The Battle of Corrin

Science is the creation of dilemmas in the attempt to solve mysteries.
— DR. MOHANDAS SUK,
speech to graduating class
At any other time, Raquella would have reacted much differently to meeting her grandfather, asking him a thousand questions, telling him about herself. Supreme Commander Vorian Atreides!

Her mother might have been more intrigued by his surprising revelation, but Helmina was dead now, just like Raquella’s own first husband. She had assumed her grandmother’s secret soldier was another casualty, unable to return. The Jihad had devastated so many lives and hopes.

She would rather have spent more time with Vor Atreides— would rather have done almost anything— but Raquella could not turn her back on all the people who needed her now. With the Omnius Scourge raging across Parmentier, she and Mohandas had too many people to save. They had a cure to find.

But thus far a cure had eluded them. They could treat the symptoms, hydrate the patients and keep the fever down, helping the largest number of victims to survive, but even so in such a massively infected population, that was not enough. Many, many people were dying.

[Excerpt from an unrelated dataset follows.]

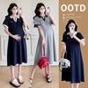 2024 Ropa de Maternidad Nueva Moda Temperamento Rayado en Contraste Manga Corta Verano Falda de Maternidad Bordada de Largo Medio

Vor had promised to do what he could to help, to spread the news of their epidemic to other League Worlds. Even if he couldn’t get back in time to assist Parmentier, at least he could warn the other planets to be on their guard against the machines’ terrible new tactic. If it was in his power, Vor would keep his promise to her. Even though he had been gone only hours, she knew it.

The Hospital for Incurable Diseases. The name seemed unfortunately apt now. She didn’t know what she would do if Mohandas succumbed to the plague. Better, Raquella thought, that she contracted the disease first… Already, three of the twenty-two doctors gathered from around Niubbe had died of the Scourge, four were recovering but still incapacitated, and two more were showing the unmistakable first-stage signs of the virus. Soon she would be tending them, too.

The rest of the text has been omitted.